Kopfbälle und Kirschensaft.

Zuweilen schauen wir in den Spiegel und stellen voller Verwunderung fest, dass wir älter geworden sind. Gegen die Zeit kommt niemand an, niemand, ausser dem Fussball. Jedes Fussballspiel ist eine Zeitinsel. Sobald ein Ball über den Rasen rollt, versetzt er alle Beteiligten zurück in die Kindheit. Wer dem Ball nachläuft, vergisst die Zeit und wird unabhängig von seinem Alter wieder zum Kind. Deswegen ist der Fussball ein ewiger Jungbrunnen.

Wie sich diese phänomenale Verwandlung des erwachsenen Menschen zum selbstvergessenen Kind im konkreten Fall äussern kann, lässt sich anhand einiger Vorkommnisse der letzten Wochen aufzeigen. Da war zunächst das Phantomtor des Bundesligastürmers Stefan Kiessling. Der Star von Bayer Leverkusen köpfte in einem Meisterschaftsspiel gegen Hoffenheim einen scharfen Ball knapp neben das Tor. Danach verhielt er sich, wie sich jeder Fussballer auf der ganzen Welt verhält, wenn er eine Chance versiebt. Er drehte sich ab und hielt die Hände an den Kopf, als wollte er sagen: «Tamminondediö, sooo knapp!» Aber dann schlüpfte der Ball auf der Aussenseite durch das defekte Netz doch noch ins Tor und blieb dort liegen. Der Schiedsrichter, der offenbar nicht gesehen hatte, dass Stefan Kiesslings Kopfball daneben geflogen war, sah nun den Ball im Kasten ruhen und gab das Tor. Als Kiessling merkte, dass das Tor zählte, begann er erst sehr zögerlich und dann etwas entschiedener mit seinen Teamkollegen zu jubeln.

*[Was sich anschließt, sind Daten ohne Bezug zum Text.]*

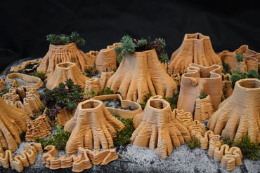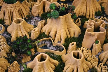 These questions drive the exploration of raw clay 3D printing in MUD Robots. The project combines natural clay with robotic fabrication to investigate a built environment where architecture and nature are not separate but interwoven. It speculates on a post-Anthropocene future where construction follows the logic of ecosystems rather than imposing on them.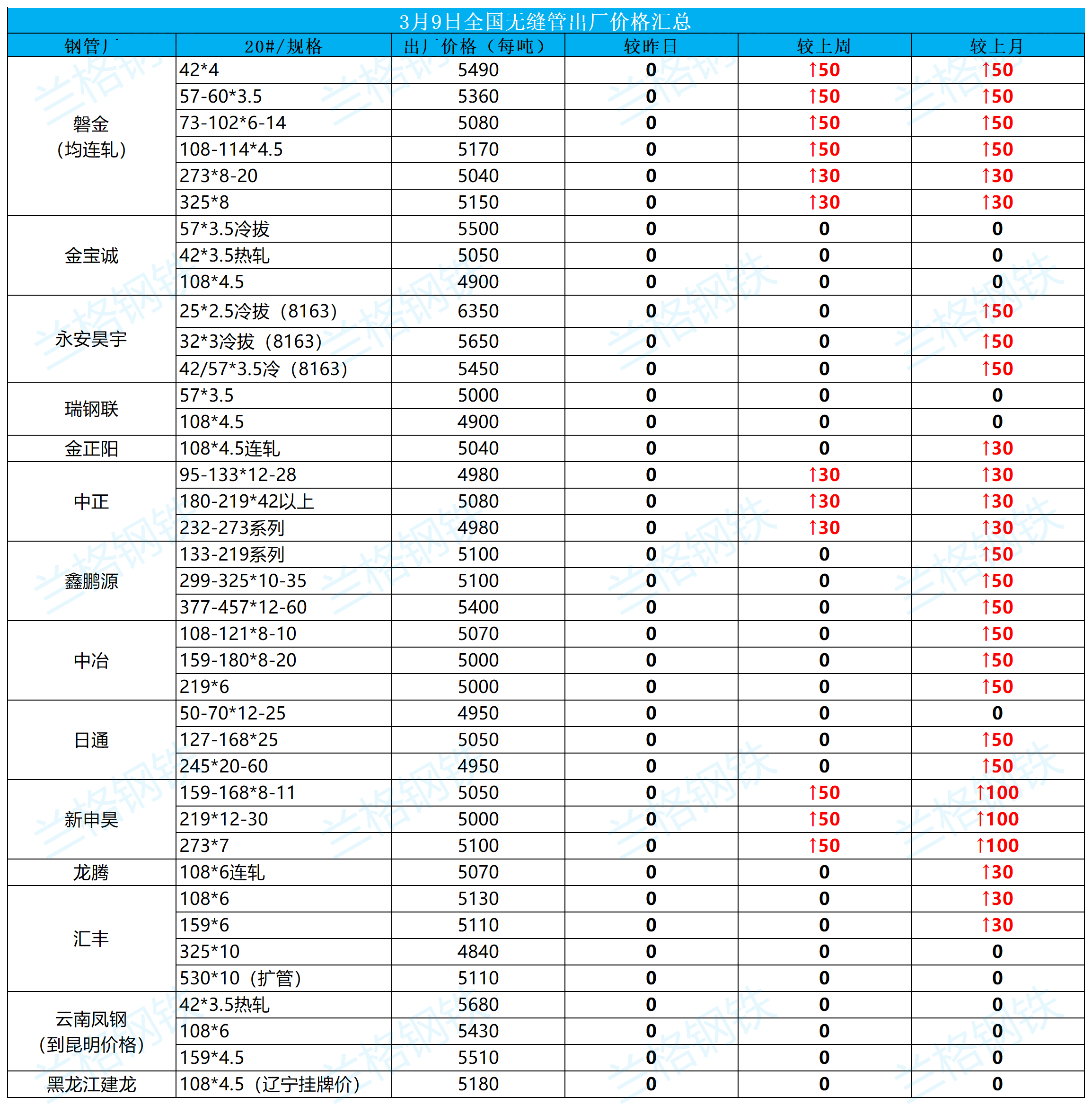 3月9日全国无缝管出厂价格汇总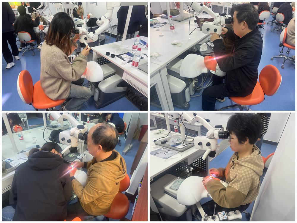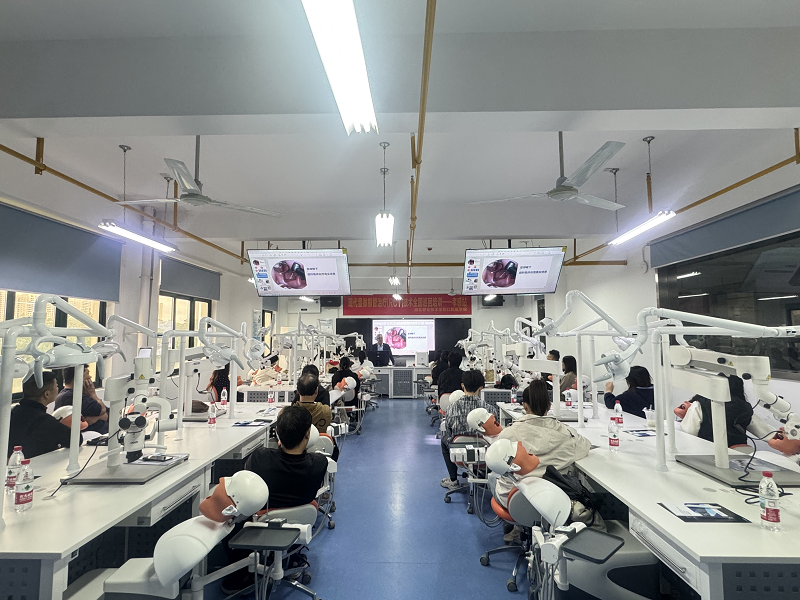 培训当天,学院专任教师以“学员+观察员”的双重身份深度参与培训全程。上午的理论授课环节,教师们与来自全国各省市的口腔医师一同聆听行业专家讲解“显微镜下根管治疗的全新思维”、“现代根管治疗最前沿技术”等,并实时记录课程设计逻辑与教学方法;下午的实操培训阶段,教师们围绕“显微镜下的根管扩大技术”“活髓保存技术临床”“MTA充填技术”等核心技能。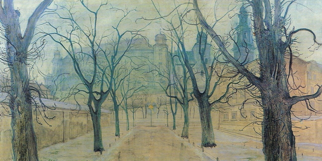 Przedstawia : Planty z widokiem na Wawel, inna nazwa obrazu : Planty o świcie, olej na płótnie, wymiary 161x201,5 cm, 1894 r. Własność prywatna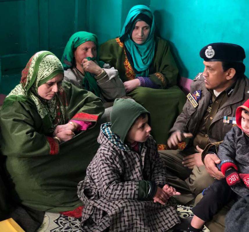 DG visited families of fire fighters namely Firdous Ahmed Bhat, resident of YK Pora, Qazigund, Kulgam and Fayaz Ahmed Parray, Selection Grade Fireman, resident of Village Chandyan Pajan, Kulgam who sacrificed their lives while on duty when a snow avalanche hit Fire and Emergency Station Jawahar Tunnel (North Portal) on February 7 this year.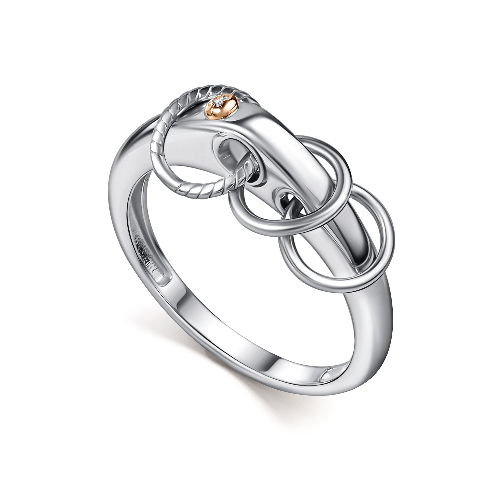 Кольцо из серебра 925 пробы с накладкой из золота 585 пробы с бриллиантами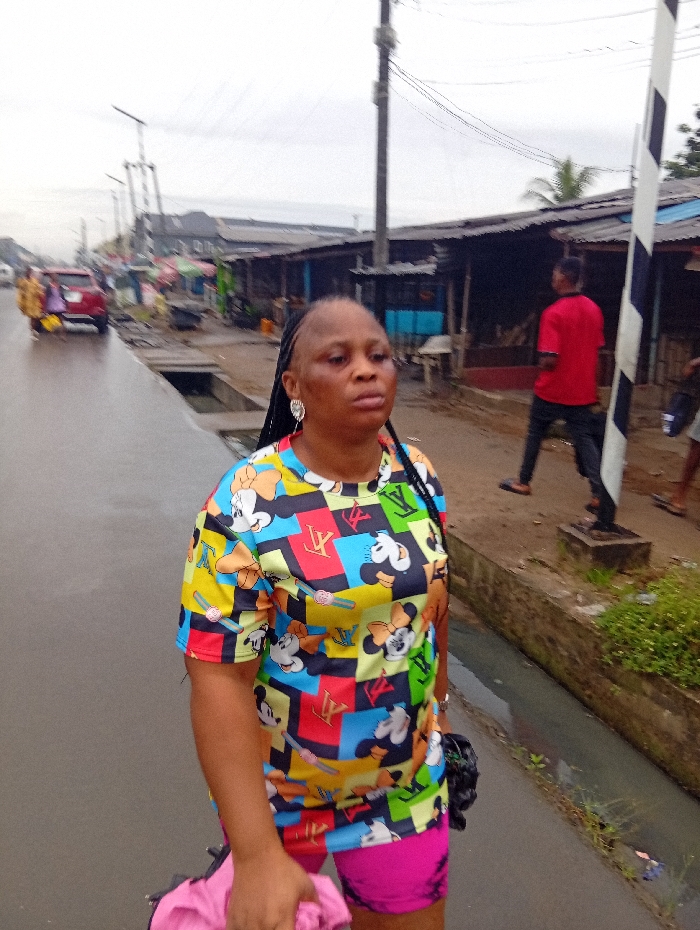 This image depicts a street scene in Aba, Nigeria, under an overcast sky. In the foreground, a woman of medium complexion walks forward, slightly to the left of the frame's center. She has short, dark braided hair with a shaved part on the right side of her head and wears large, ornate silver-colored earrings. Her attire consists of a short-sleeved, brightly colored t-shirt featuring a checkered pattern of Mickey Mouse faces and "LV" logos in various colors (red, blue, yellow, green, black). She wears hot pink biker shorts or leggings beneath. Her left arm is by her side, partially obscuring a small black bag or pouch. In her right hand, she holds a crumpled piece of pink fabric. Her gaze is directed forward. The woman walks on a wet asphalt road, indicating recent precipitation. To her right, an open concrete gutter runs parallel to the road, containing murky water and some debris. Beyond the gutter, a narrow, unpaved strip of ground with sparse green vegetation precedes a row of single-story structures. These appear to be shops or stalls with corrugated metal roofs, some painted in shades of blue, green, or brown, showing signs of wear. In the mid-ground on the right, a man in a red t-shirt and dark pants walks away from the viewer, positioned near a black and white striped utility pole. Several other utility poles with overhead wires are visible along the street, receding into the distance. On the far left, a red vehicle is visible on the road, with indistinct figures nearby. A palm tree is partially visible above the structures on the right side in the background.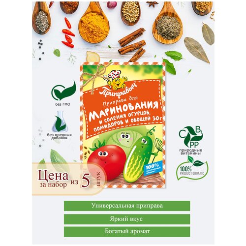 Приправа универсальная для маринования и соления огурцов, помидор и овощей 5 шт по 30г, ТМ Приправыч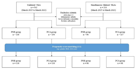 A total of 857 consecutive TKAs were performed by a single surgeon between March 2015 and March 2021. Only patients for whom all data elements were prospectively collected—including demographics, anesthesia type, and American Society of Anesthesiologists (ASA) class—were included. Patients with ASA class ≥ 4; with secondary arthritis due to rheumatoid arthritis or trauma; who needed special instrumentation due to severe instability, bone defect, or anatomical deformity; who required additional procedures other than TKA; or had a history of revision surgery were excluded. In this study, 1:1 propensity score matching was used to minimize selection bias, with matched variables being age at operation, gender, BMI, and ASA class. After matching, 138 cases with PNB were matched with 138 cases with PCA alone in the unilateral TKA group, whereas 98 cases with PNB were matched with 98 cases with PCA alone in the simultaneous bilateral TKAs group (Figure 1).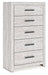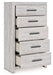 Details Made with engineered wood (MDF/particleboard/plywood) and decorative laminate for the right balance of affordability and durability, Whitewash replicated worn through paint with authentic touch, Decorative laminate replicates natural or man-made material surfaces with consistent color, pattern and texture, Large handles in black finish, 5 smooth-gliding drawers, Framed front and pilasters, Safety is a top priority, clothing storage units are designed to meet the most current standard for stability, ASTM F 2057 (ASTM International), Drawers extend out to accommodate maximum access to drawer interior while maintaining safety, Minor assembly required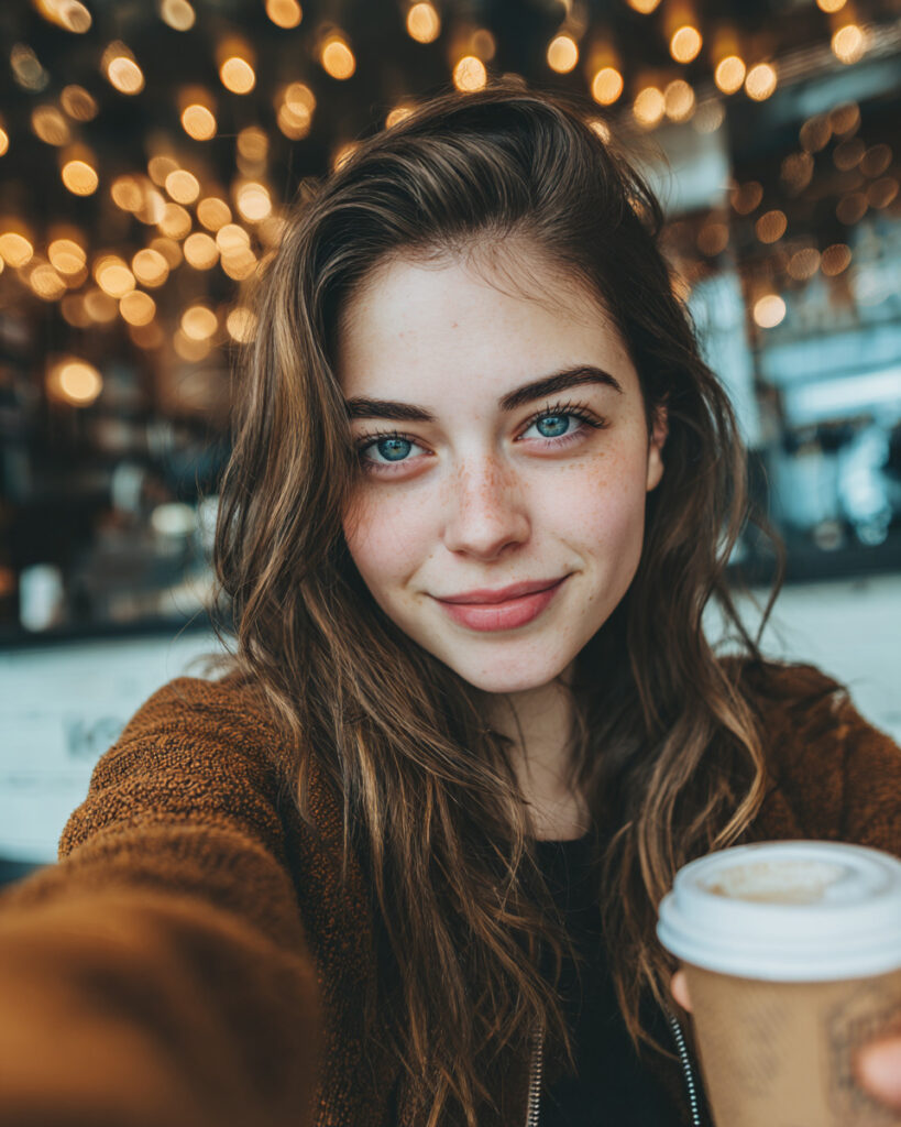 ✕ woman sitting in cafe, beautiful bokeh, low angle shot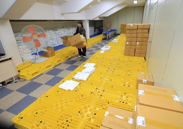 중동사태 여파로 인한 비닐 원료 수급 불안으로 종량제 쓰레기봉투 사재기 현상이 나타나는 가운데 지난 달 26일 오전 제주시 오라동에 위치한 제주시 생활환경과 종량제 쓰레기봉투 창고에서 관계자가 재고를 정리·점검하고 있다. / 연합뉴스

Wie das Kind, das sein Gesicht mit den Händen verbirgt und dann meint, weil es selbst nichts sieht, werde es auch von allen andern nicht mehr gesehen, stellte der Fussballstar die erlebte Wirklichkeit einfach beiseite, um sich der gewünschten Wirklichkeit hinzugeben. Und als er nach dem Spiel gefragt wurde, ob er denn nicht selbst gesehen habe, wie deutlich der Ball danebengegangen war, log er, ohne rot zu werden. Seine Aussage, er habe nicht genau gesehen, ob der Ball rein sei oder nicht, stand in krassem Widerspruch zu seiner Körpersprache unmittelbar nach dem Kopfball. Er log wie das Kind, dessen Mund und Hände von Kirschensaft rot eingefärbt sind und das behauptet, es habe keine Kirschen gestohlen.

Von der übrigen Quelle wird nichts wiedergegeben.